> Problem statement: An exact copy is all that is wanted: the lines from the one with "3、[病友交流]与众多相同病情的患者在线分享经验互相支持;" through the end of the listing below, both included, minus any pictures.

> Data shown:

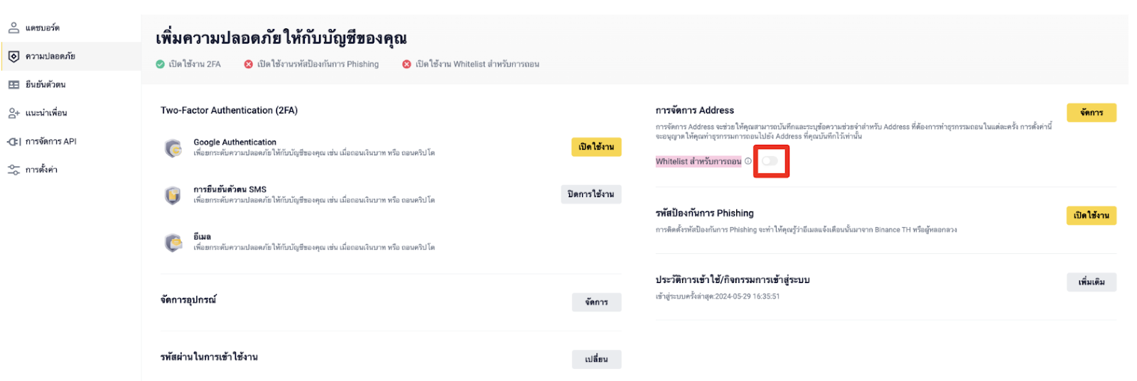 2. เลื่อนไปที่การจัดการ Address คลิก [ปุ่มสลับเปิด-ปิด] ถัดจาก Whitelist สำหรับการถอน
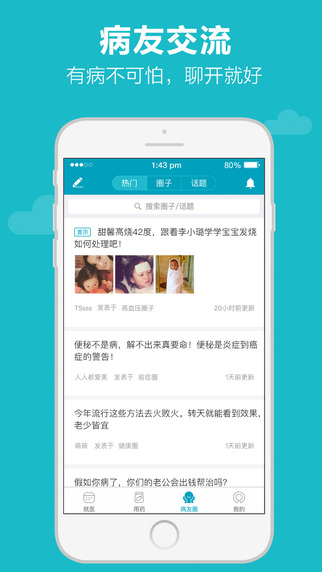 3、[病友交流]与众多相同病情的患者在线分享经验互相支持;
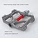 【Ultra-light】: Wider size flat: 3.66(L)*4.13(W)*inches, only 0.39LB/each. Large body and lightweight are the most outstanding features of this MTB pedals, more comfortable pedal, maximize improve your riding experience for long ride comfortable and pedaling efficiency.

> Your solution:
 3、[病友交流]与众多相同病情的患者在线分享经验互相支持;
 【Ultra-light】: Wider size flat: 3.66(L)*4.13(W)*inches, only 0.39LB/each. Large body and lightweight are the most outstanding features of this MTB pedals, more comfortable pedal, maximize improve your riding experience for long ride comfortable and pedaling efficiency.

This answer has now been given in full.